*Task instructions:* The task calls for an exact retyping of the lines from the one holding "People visit an" through the end of the listing, with pictures omitted and nothing added.

- Opening Delimiter -

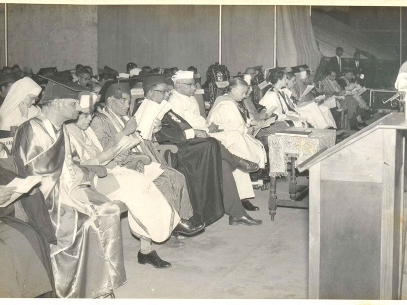 Dr. Homi J. Bhabha, Dr. A. L. Narayana (Vice Chancellor) and Swami Jnanananda in Andhra University.
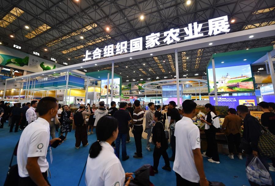 People visit an agriculture exhibition for members of the Shanghai Cooperation Organization (SCO) during the 30th China Yangling Agricultural Hi-tech Fair in Yangling, northwest China's Shaanxi Province, Sept. 19, 2023. (Xinhua/Zhang Bowen)
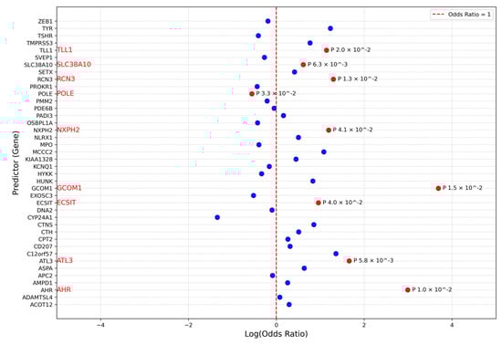 In our analysis, we utilised the SKAT package in R to conduct burden testing, modelling the effect of each gene in the genotype matrix against the phenotype column in the dataset. The results from the second strategy revealed that many genes exhibited significant associations with the phenotype, suggesting a statistically significant relationship between gene effects in the genotype matrix and HM. To further clarify these associations, we applied a standard logistic regression model (Figure 5). This approach allowed us to explore the relationship between significant genes and the case class in the phenotype column by estimating odds ratios to quantify effect sizes and beta coefficients to assess the direction of these relationships. It is important to note that these interpretations are statistical in nature and do not necessarily reflect biological mechanisms. The gene TYR was deemed insignificant, as its p-values from the Burden test were close to 0.05 (0.040). Meanwhile, POLE remained significant, and CYP24A1 became significant (Supplementary Figure S3), but both showed a negative beta coefficient (Figure 5), indicating an inverse relationship with HM.
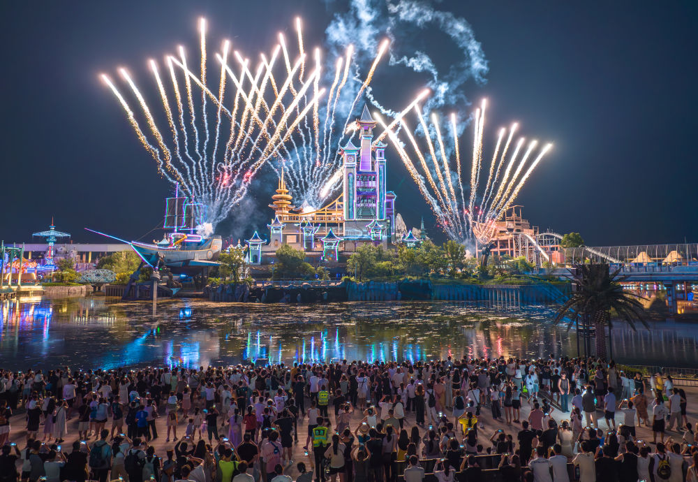 7月19日,在湖北省襄陽市華僑城奇幻谷,游客觀看大型夜間演藝秀《奇幻城堡光影秀》(無人機(jī)照片)。新華社發(fā)(楊東 攝)
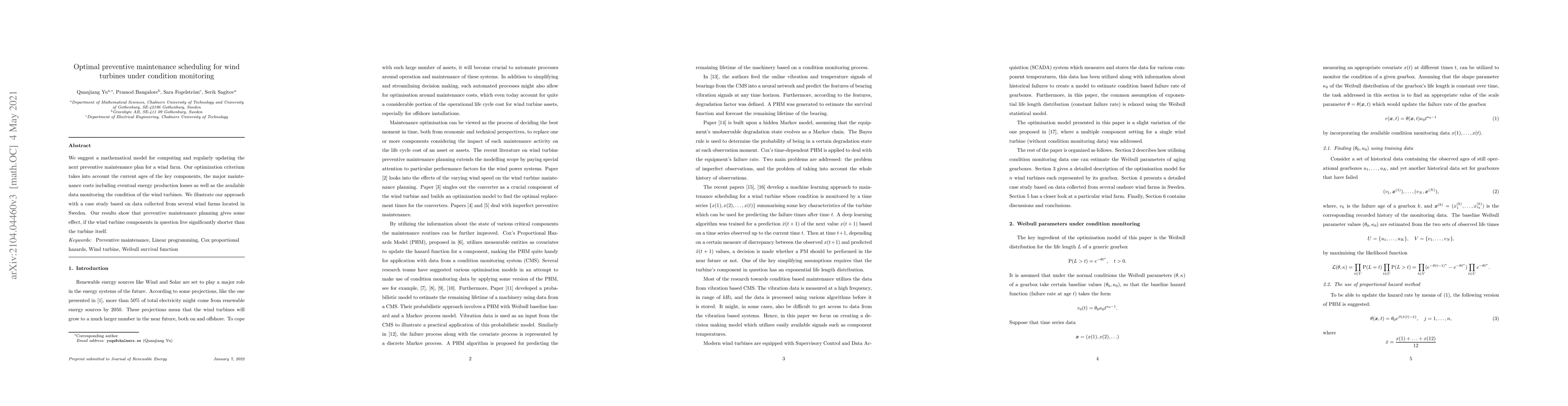 This paper proposes a mathematical model for optimizing preventive maintenance schedules for wind turbines, factoring in component ages, maintenance costs, and condition monitoring data. The model's effectiveness is demonstrated through a case study in Swedish wind farms, showing benefits when component lifespans are significantly shorter than the turbine's lifespan.

- Closing Delimiter -

*Result:*
 People visit an agriculture exhibition for members of the Shanghai Cooperation Organization (SCO) during the 30th China Yangling Agricultural Hi-tech Fair in Yangling, northwest China's Shaanxi Province, Sept. 19, 2023. (Xinhua/Zhang Bowen)
 In our analysis, we utilised the SKAT package in R to conduct burden testing, modelling the effect of each gene in the genotype matrix against the phenotype column in the dataset. The results from the second strategy revealed that many genes exhibited significant associations with the phenotype, suggesting a statistically significant relationship between gene effects in the genotype matrix and HM. To further clarify these associations, we applied a standard logistic regression model (Figure 5). This approach allowed us to explore the relationship between significant genes and the case class in the phenotype column by estimating odds ratios to quantify effect sizes and beta coefficients to assess the direction of these relationships. It is important to note that these interpretations are statistical in nature and do not necessarily reflect biological mechanisms. The gene TYR was deemed insignificant, as its p-values from the Burden test were close to 0.05 (0.040). Meanwhile, POLE remained significant, and CYP24A1 became significant (Supplementary Figure S3), but both showed a negative beta coefficient (Figure 5), indicating an inverse relationship with HM.
 7月19日,在湖北省襄陽市華僑城奇幻谷,游客觀看大型夜間演藝秀《奇幻城堡光影秀》(無人機(jī)照片)。新華社發(fā)(楊東 攝)
 This paper proposes a mathematical model for optimizing preventive maintenance schedules for wind turbines, factoring in component ages, maintenance costs, and condition monitoring data. The model's effectiveness is demonstrated through a case study in Swedish wind farms, showing benefits when component lifespans are significantly shorter than the turbine's lifespan.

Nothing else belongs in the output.